The Agatha Christie reread: The Hollow
Jul. 6th, 2025 03:04 pm![[personal profile]](https://www.dreamwidth.org/img/silk/identity/user.png)
This is a spoiler-free post.
The Hollow was first published in 1946, during Agatha Christie’s Golden Age. It’s not one of her more well-known mysteries, which I always thought was a bit strange, because it’s my favourite Christie. On the surface the plot is typical for her: A murder in a stately home where several guests have gathered for the weekend. Hercule Poirot investigates. Personally I think this book is rather invisible because it belies a very common statement about Christie, that she only writes cardboard stock characters with no depths and complexity. In The Hollow we have plenty of complex characters and I would say the main theme in the book is obsession. Obsessive love, obsession for science, the artist's obsession towards their work, and so on. If you wanted a stock Christie, you may be disappointed. There is also the fact that even if this is a Poirot novel, he doesn’t enter until halfway, and he is actually not the first to figure out who the murderer is. In fact I’ve always felt this book may have been better liked if there had been no Poirot in it at all. Checking the publishing order, this was the first Poirot since 1942, and Christie had written five books in between. I wonder if the publisher put pressure on her to include Poirot in this one… You also get the POV from more characters than usual. I have never read any of Christie's Mary Westmacott novels, but I’ve read that The Hollow is more like them in writing style.

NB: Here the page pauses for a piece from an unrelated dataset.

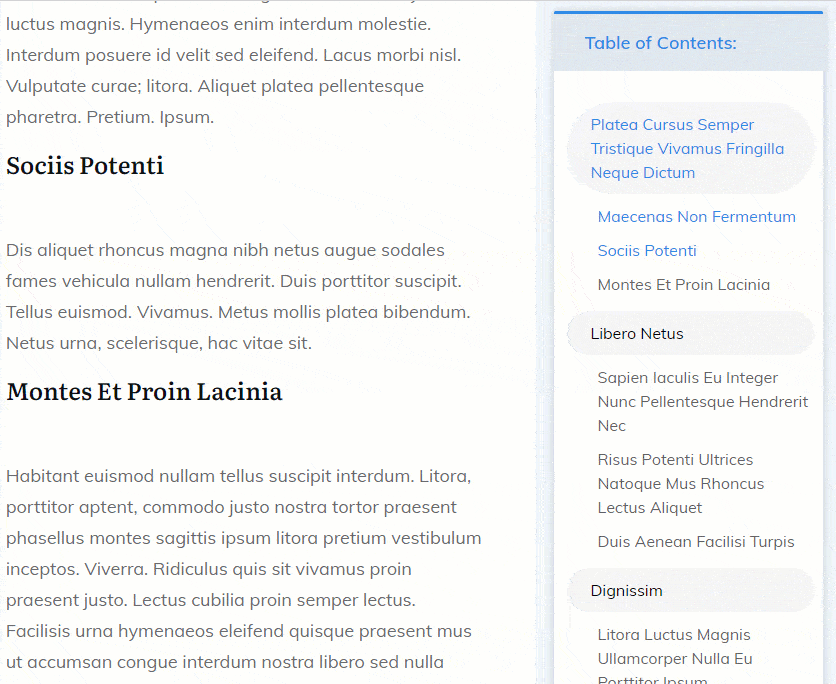 A Table of Content element is designed to make long-form content more readable, not add unnecessary scrolling. But the longer and more structured your content, the longer your Table of Contents grows.

Sir Henry Angkatell and his wife Lucy are having a weekend party with family and friends at their house the Hollow. The “poor” relative Midge Hardcastle who is in love with her cousin Edward Angkatell. Edward, who has inherited Lucy’s childhood home because he is a man, is in love with their cousin Henrietta Savernake. Henrietta, a talented sculptor is in love with, and the lover of the brilliant doctor John Cristow. And John, in turn, is married to plain and rather simple Hilda, who is deeply devoted to him. And to complicate things further, John’s former fiancee, Hollywood star Veronica Cray, is renting a nearby cottage. And of course there is a murder.

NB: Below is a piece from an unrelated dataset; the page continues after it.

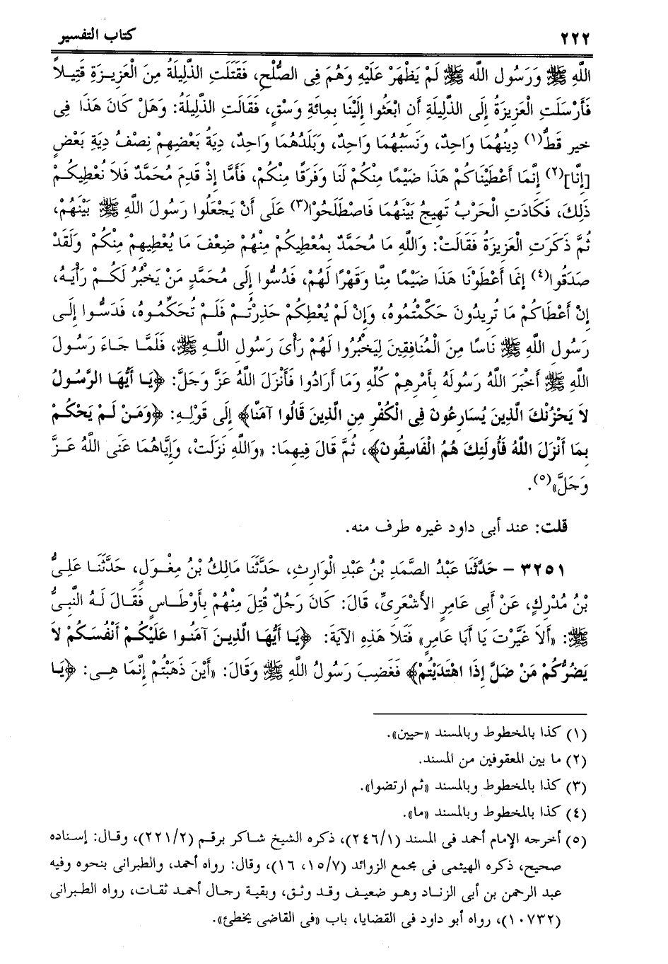 3251 - حَدَّثَنَا عَبْدُ الصَّمَدِ بْنُ عَبْدِ الْوَارِثِ، حَدَّثَنَا مَالِكُ بْنُ مِغْوَلٍ، حَدَّثَنَا عَلِىُّ بْنُ مُدْرِكٍ، عَنْ أَبِى عَامِرٍ الأَشْعَرِىِّ، قَالَ: كَانَ رَجُلٌ قُتِلَ مِنْهُمْ بِأَوْطَاسٍ فَقَالَ لَهُ النَّبِىُّ صلى الله عليه وسلم: أَلاَ غَيَّرْتَ يَا أَبَا عَامِرٍ فَتَلاَ هَذِهِ الآيَةَ: {يَا أَيُّهَا الَّذِينَ آمَنُوا عَلَيْكُمْ أَنْفُسَكُمْ لاَ يَضُرُّكُمْ مَنْ ضَلَّ إِذَا اهْتَدَيْتُمْ} فَغَضِبَ رَسُولُ اللَّهِ صلى الله عليه وسلم وَقَالَ: أَيْنَ ذَهَبْتُمْ إِنَّمَا هِى: {يَا -[223]- أَيُّهَا الَّذِينَ آمَنُوا لاَ يَضُرُّكُمْ مَنْ ضَلَّ مِنَ الْكُفَّارِ [إِذَا اهْتَدَيْتُمْ] } .

This is the very last Agatha Christie novel I read, and also my favourite. I think Christie says some interesting things about obsession, for another person, a place, a career or talent. I really like Midge, and Henrietta is even better. And as there are several POV’s it’s quite interesting to see how different characters feel about the same situation.

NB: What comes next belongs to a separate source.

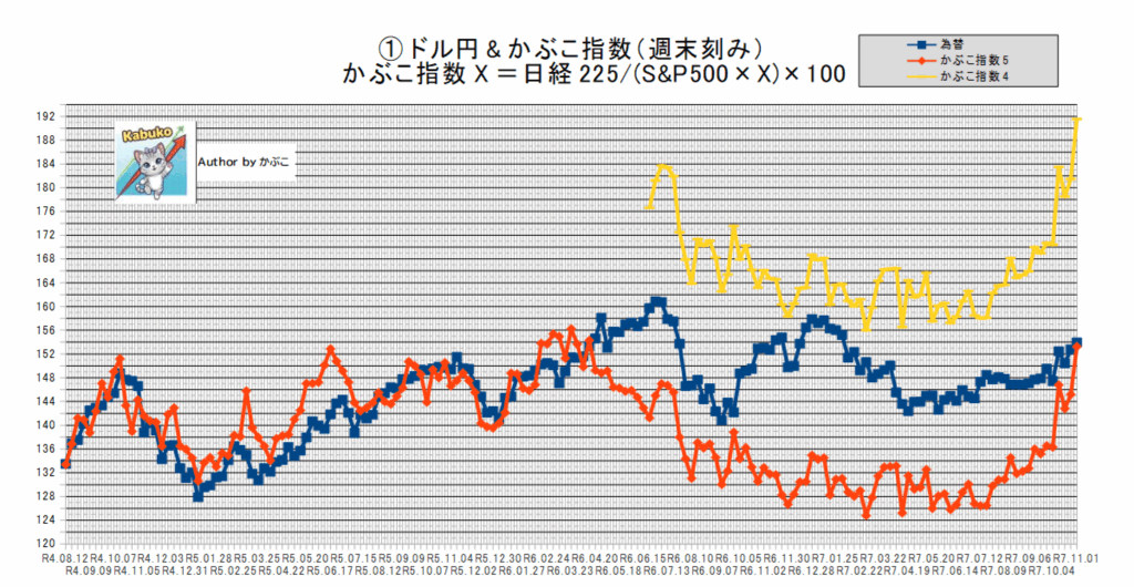 かぶこ指数4※は「191.56」でドル円との相関は「1.24」。

There is, unfortunately, one very off-putting part of The Hollow is the portrayal of Midge’s unpleasant Jewish employer. I think this is the most vicious description of aJewish person in the whole of Christie’s production.
The Hollow was filmed for Agatha Christie's Poirot in 2004, but isn’t one of the best. Probably because Poirot felt more like an afterthought in the book, but the TV show was very much David Suchet’s show, so Poirot just had to take center stage. Quite a lot of character nuance was omitted as well as some characters and plot points. I think I had enjoyed it more if I hadn’t read the book.